-------- Exercise inputs --------

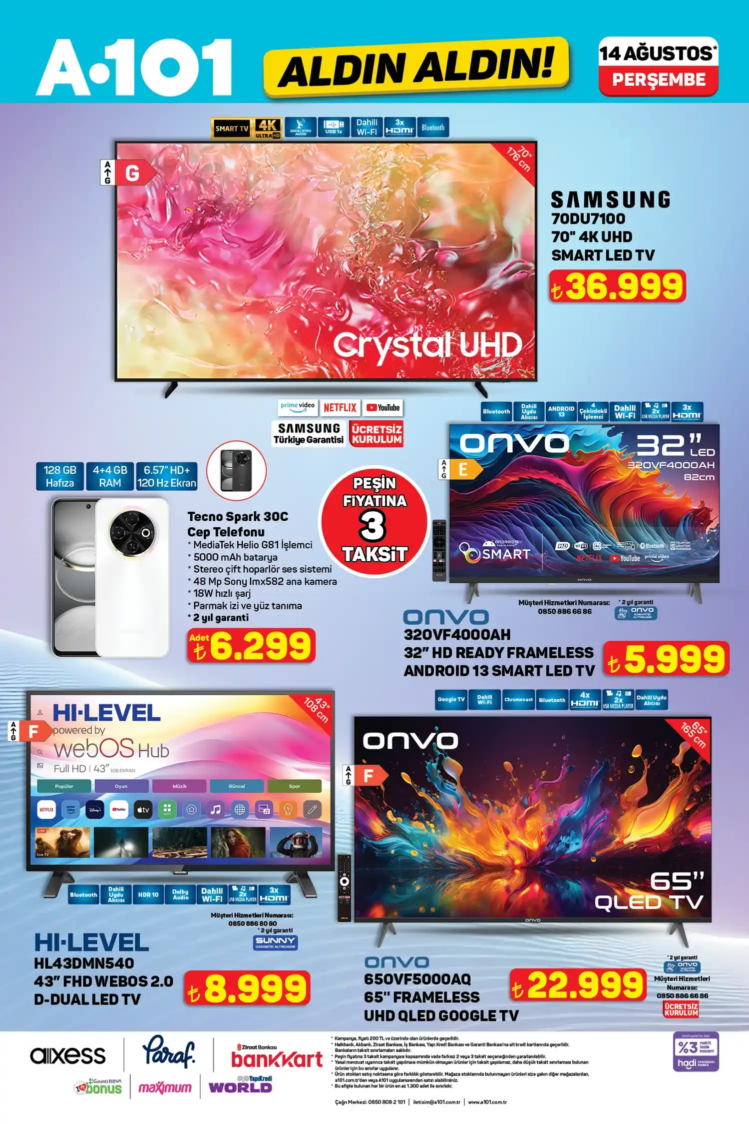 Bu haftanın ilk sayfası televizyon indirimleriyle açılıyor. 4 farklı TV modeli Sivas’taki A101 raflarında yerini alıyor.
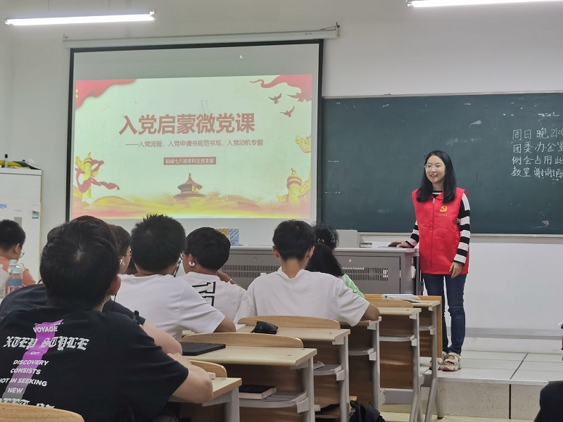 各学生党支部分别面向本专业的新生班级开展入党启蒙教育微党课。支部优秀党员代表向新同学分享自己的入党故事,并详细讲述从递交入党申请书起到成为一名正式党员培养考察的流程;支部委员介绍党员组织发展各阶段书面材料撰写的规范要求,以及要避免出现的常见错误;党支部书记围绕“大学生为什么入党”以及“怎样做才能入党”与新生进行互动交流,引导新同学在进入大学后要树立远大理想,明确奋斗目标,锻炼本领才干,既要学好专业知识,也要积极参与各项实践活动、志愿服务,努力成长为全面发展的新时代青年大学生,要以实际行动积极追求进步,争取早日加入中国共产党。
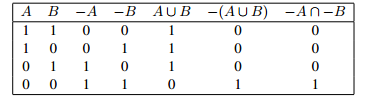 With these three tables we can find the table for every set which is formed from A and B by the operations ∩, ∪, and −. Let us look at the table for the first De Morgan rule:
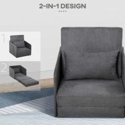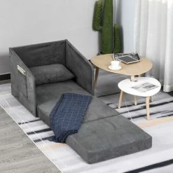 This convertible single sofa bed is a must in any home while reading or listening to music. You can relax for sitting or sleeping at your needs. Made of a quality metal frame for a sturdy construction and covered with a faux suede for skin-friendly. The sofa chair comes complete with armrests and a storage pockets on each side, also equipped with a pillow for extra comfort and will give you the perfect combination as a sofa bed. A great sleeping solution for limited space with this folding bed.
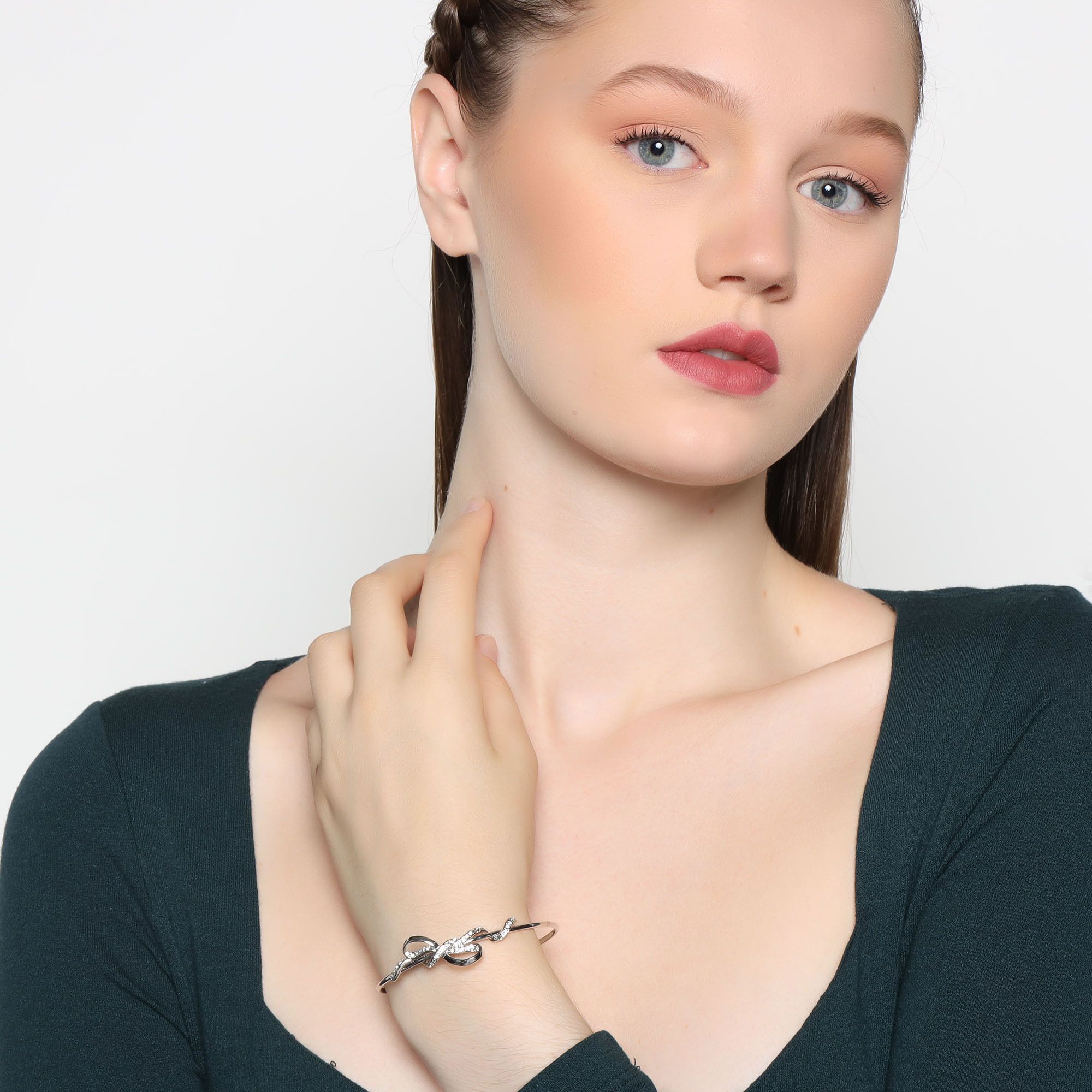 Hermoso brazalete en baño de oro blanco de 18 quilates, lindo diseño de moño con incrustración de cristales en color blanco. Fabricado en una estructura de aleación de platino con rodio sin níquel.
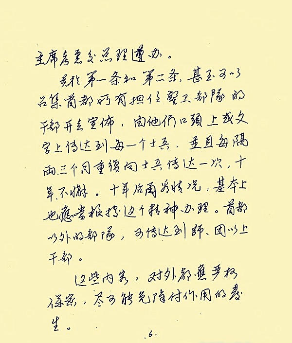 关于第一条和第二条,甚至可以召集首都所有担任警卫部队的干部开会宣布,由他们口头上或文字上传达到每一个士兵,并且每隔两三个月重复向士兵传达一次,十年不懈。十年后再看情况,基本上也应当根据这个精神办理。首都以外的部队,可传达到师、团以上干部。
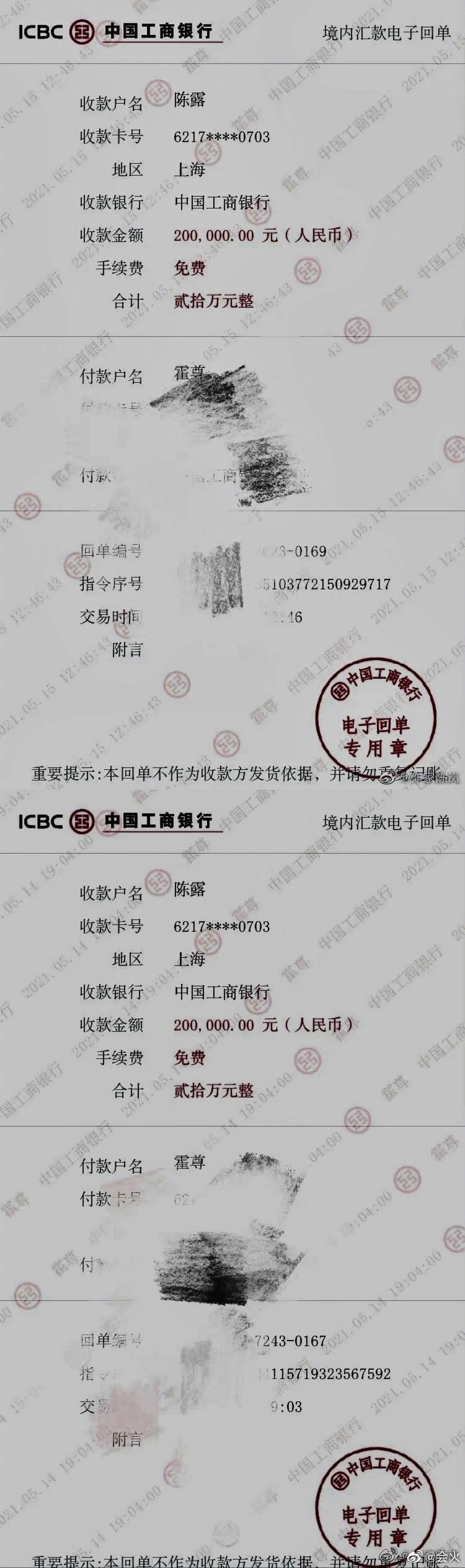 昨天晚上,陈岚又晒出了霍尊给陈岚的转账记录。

--------
-------- Exercise inputs --------

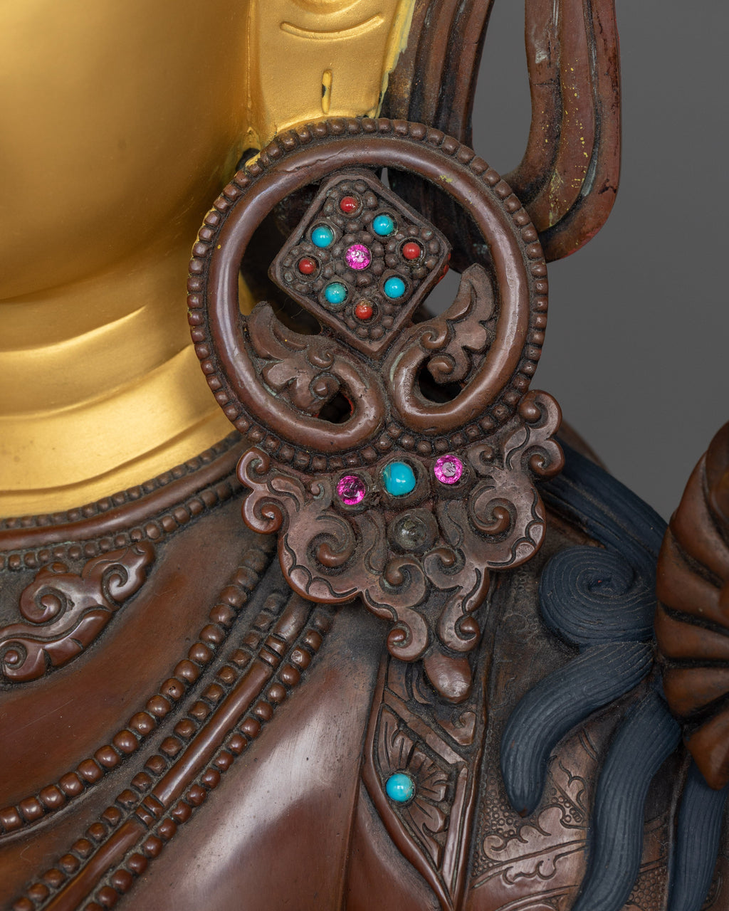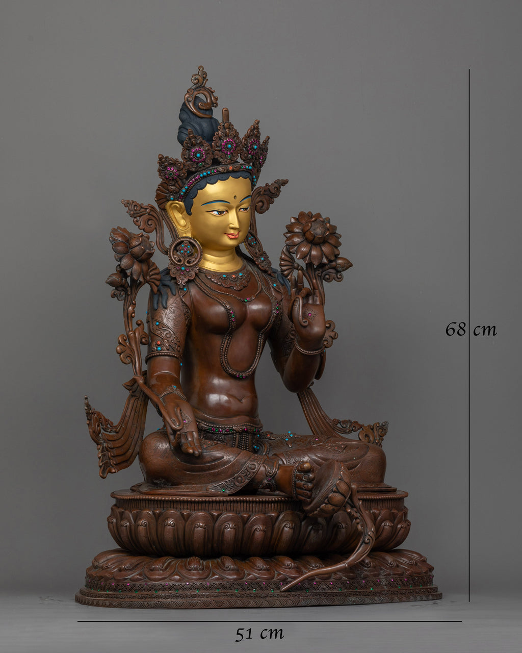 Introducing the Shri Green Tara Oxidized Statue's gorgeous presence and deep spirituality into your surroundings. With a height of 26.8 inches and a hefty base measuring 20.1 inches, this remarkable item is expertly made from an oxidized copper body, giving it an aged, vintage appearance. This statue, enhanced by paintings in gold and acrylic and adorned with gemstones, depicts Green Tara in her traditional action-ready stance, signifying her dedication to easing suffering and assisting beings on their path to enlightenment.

--------
-------- Exercise inputs --------

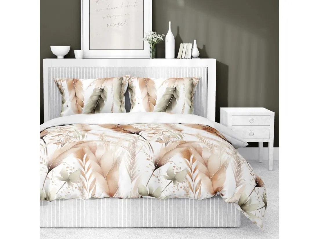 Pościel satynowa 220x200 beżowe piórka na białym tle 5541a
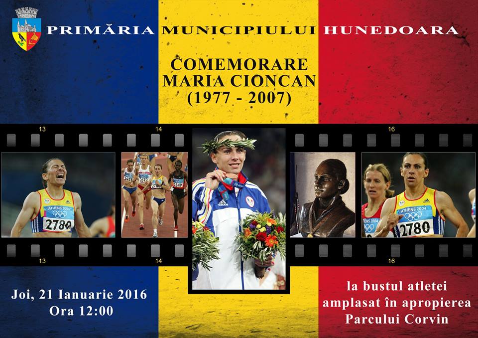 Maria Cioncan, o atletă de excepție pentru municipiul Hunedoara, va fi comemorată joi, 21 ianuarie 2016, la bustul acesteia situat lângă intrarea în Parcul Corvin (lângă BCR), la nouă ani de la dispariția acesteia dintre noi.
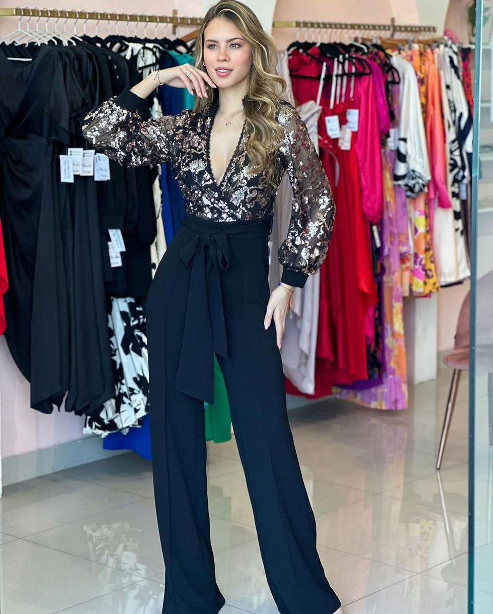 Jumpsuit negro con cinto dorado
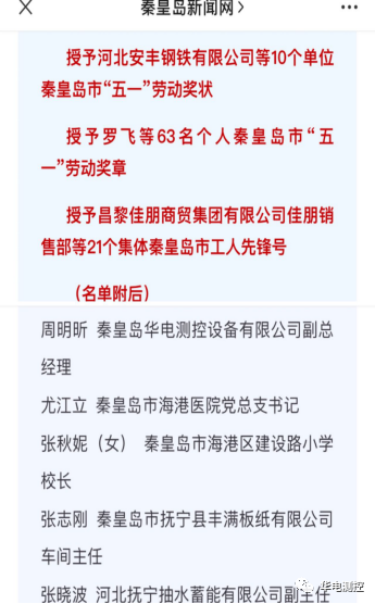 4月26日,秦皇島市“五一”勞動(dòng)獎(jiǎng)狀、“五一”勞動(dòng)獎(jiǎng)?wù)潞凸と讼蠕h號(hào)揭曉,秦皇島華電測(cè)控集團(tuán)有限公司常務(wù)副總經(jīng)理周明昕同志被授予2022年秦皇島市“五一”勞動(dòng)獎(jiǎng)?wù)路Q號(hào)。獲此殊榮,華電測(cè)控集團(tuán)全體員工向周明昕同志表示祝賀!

--------

§ **Exercise details**: Using the material above, reproduce only the lines that run from the line with "This convertible single" up to and including the line with "昨天晚上,陈岚又晒出了霍尊给陈岚的转账记录。", exactly, with the pictures dropped.

§ **Written answer**:
 This convertible single sofa bed is a must in any home while reading or listening to music. You can relax for sitting or sleeping at your needs. Made of a quality metal frame for a sturdy construction and covered with a faux suede for skin-friendly. The sofa chair comes complete with armrests and a storage pockets on each side, also equipped with a pillow for extra comfort and will give you the perfect combination as a sofa bed. A great sleeping solution for limited space with this folding bed.
 Hermoso brazalete en baño de oro blanco de 18 quilates, lindo diseño de moño con incrustración de cristales en color blanco. Fabricado en una estructura de aleación de platino con rodio sin níquel.
 关于第一条和第二条,甚至可以召集首都所有担任警卫部队的干部开会宣布,由他们口头上或文字上传达到每一个士兵,并且每隔两三个月重复向士兵传达一次,十年不懈。十年后再看情况,基本上也应当根据这个精神办理。首都以外的部队,可传达到师、团以上干部。
 昨天晚上,陈岚又晒出了霍尊给陈岚的转账记录。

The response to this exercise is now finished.